Re: Best way to handle UTF-8 in C++
On 5/6/2010 1:39 PM, Peter Olcott wrote:
"Victor Bazarov"<v.bazarov@comcast.invalid> wrote in
message news:hruqhc$lo6$1@news.eternal-september.org...
On 5/6/2010 10:11 AM, Peter Olcott wrote:
"Victor Bazarov"<v.bazarov@comcast.invalid> wrote in
message news:hruhqu$hqt$1@news.eternal-september.org...
On 5/6/2010 9:45 AM, Peter Olcott wrote:
I am looking for a way to handle UTF-8 text in my C++
application. The ideal case would be an STL class that
handles UTF-8. What is the next best thing?
What do you mean by "handle"? STL class? Don't you
have
the compiler documentation? If there is one, you
already
have all information you need. Want more? Buy a book
on
the Standard library. There are several that many
consider decent. Next best thing? Google.
I must be able to use UTF-8 strings in my C++
application. I
want to know the best way to do this.
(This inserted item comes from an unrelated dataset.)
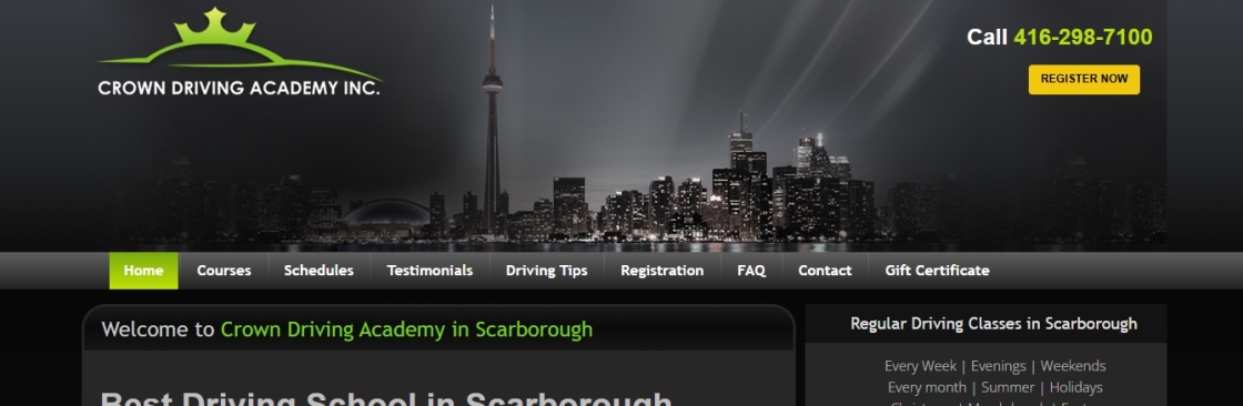 Crown Driving Academy Inc. is a trusted driving school in Scarborough, Ontario, dedicated to helping new and experienced drivers gain the skills and confidence needed to drive safely and responsibly. With over 25 years of experience, we offer Ministry-approved driver education programs, including beginner driver training, G2 and G road test preparation, and defensive driving courses. Our certified instructors provide personalised, one-on-one lessons using modern dual-control vehicles, ensuring a safe and supportive learning environment. Whether through flexible online classes or in-car sessions, Crown Driving Academy is committed to making your path to becoming a licensed driver smooth, enjoyable, and successful.

I prefer an
interface
that works the same way as the STL interface.
What do you mean by "use" and in what way can't you "use"
the UTF-8 strings already? There is no such thing as "STL
interface", perhaps you can explain what you mean by "the
same way". I can start guessing, but it's much better if
you just specify what exactly you're trying to accomplish.
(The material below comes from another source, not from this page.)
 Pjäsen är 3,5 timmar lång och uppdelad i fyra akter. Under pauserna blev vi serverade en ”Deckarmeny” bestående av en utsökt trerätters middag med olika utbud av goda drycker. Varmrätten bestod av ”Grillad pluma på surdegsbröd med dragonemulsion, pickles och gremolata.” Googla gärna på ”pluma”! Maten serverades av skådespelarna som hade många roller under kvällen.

Try to refrain from using such generic terms as "STL
interface" or "use". For example, you can say, "I need to
be able to figure out whether there are uppercase
characters in my 'string', like the standard function
'isupper' does"...
I want a string class that works exactly the same way as
std::string, except implements UTF-8.
....as opposed to *what*? UTF-8 is an encoding scheme. 'std::string'
does *not* have an encoding scheme, it's a mere container of 'char'.
Nothing more, nothing less. What *exactly* in it doesn't work NOW for
you? Have you tried making the default 'char' unsigned? If your
platform has 8-bit chars, and you make them unsigned, you got yourself
UTF-8 storage type. And 'std::string' will provide functionality for
storing elements of that type (by virtue of being defined as
'std::basic_string<char>'), and operations to manipulate that storage
(append to, erase from, enumerate, etc.)
So, once again, what do you mean by "implements UTF-8"?
> This means that the
interface can remain the same, (all of the member functions
have the same name and same parameters) but the underlying
meaning may be different.
"May be different"? If I rewrite 'std::string' for you and just make
all functions return 0 and do nothing, would that be acceptable? That's
a rhetorical question, BTW. If you just allow the "meaning" to be
different, you still haven't specified anything. Does it *have to* be
different? In what way?
Could it be that you're don't know yet what you *need* from your class,
which you hope will "handle" UTF-8? What *operations* do you hope it
will help you perform on your "UTF-8" strings?
V
--
I do not respond to top-posted replies, please don't ask